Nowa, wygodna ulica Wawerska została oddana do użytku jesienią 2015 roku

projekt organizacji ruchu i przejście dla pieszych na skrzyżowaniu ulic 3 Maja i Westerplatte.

--

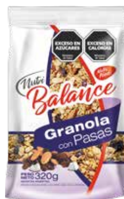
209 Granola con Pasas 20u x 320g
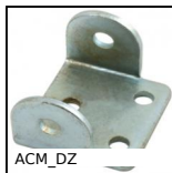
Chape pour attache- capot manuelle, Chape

--

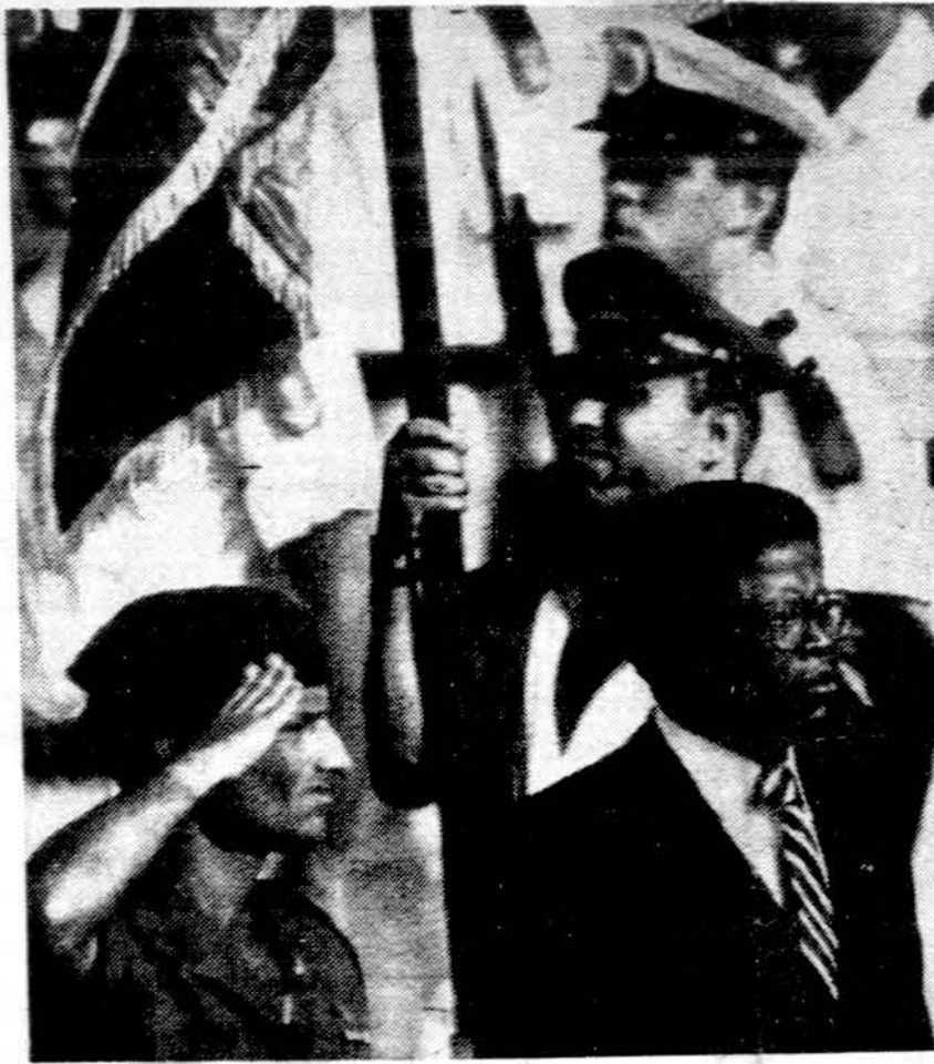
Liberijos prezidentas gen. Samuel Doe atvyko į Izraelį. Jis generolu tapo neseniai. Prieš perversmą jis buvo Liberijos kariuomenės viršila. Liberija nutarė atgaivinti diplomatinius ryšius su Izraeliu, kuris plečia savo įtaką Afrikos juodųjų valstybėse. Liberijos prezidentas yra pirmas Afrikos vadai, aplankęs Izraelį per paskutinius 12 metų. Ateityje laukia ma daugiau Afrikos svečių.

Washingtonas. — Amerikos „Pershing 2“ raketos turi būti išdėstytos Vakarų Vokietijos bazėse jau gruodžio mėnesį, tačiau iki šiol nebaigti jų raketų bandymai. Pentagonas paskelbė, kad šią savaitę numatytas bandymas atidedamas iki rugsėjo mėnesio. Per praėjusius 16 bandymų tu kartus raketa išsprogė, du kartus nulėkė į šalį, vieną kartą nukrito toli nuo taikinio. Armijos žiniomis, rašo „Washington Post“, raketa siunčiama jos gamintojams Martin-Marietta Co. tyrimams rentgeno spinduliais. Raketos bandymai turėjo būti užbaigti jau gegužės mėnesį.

--

▶ [Work item]:
Please, from the entries above, set down exactly the lines from the one containing "Nowa, wygodna ulica" through the one containing "projekt organizacji ruchu", and only those.

▶ [Task output]:
Nowa, wygodna ulica Wawerska została oddana do użytku jesienią 2015 roku

projekt organizacji ruchu i przejście dla pieszych na skrzyżowaniu ulic 3 Maja i Westerplatte.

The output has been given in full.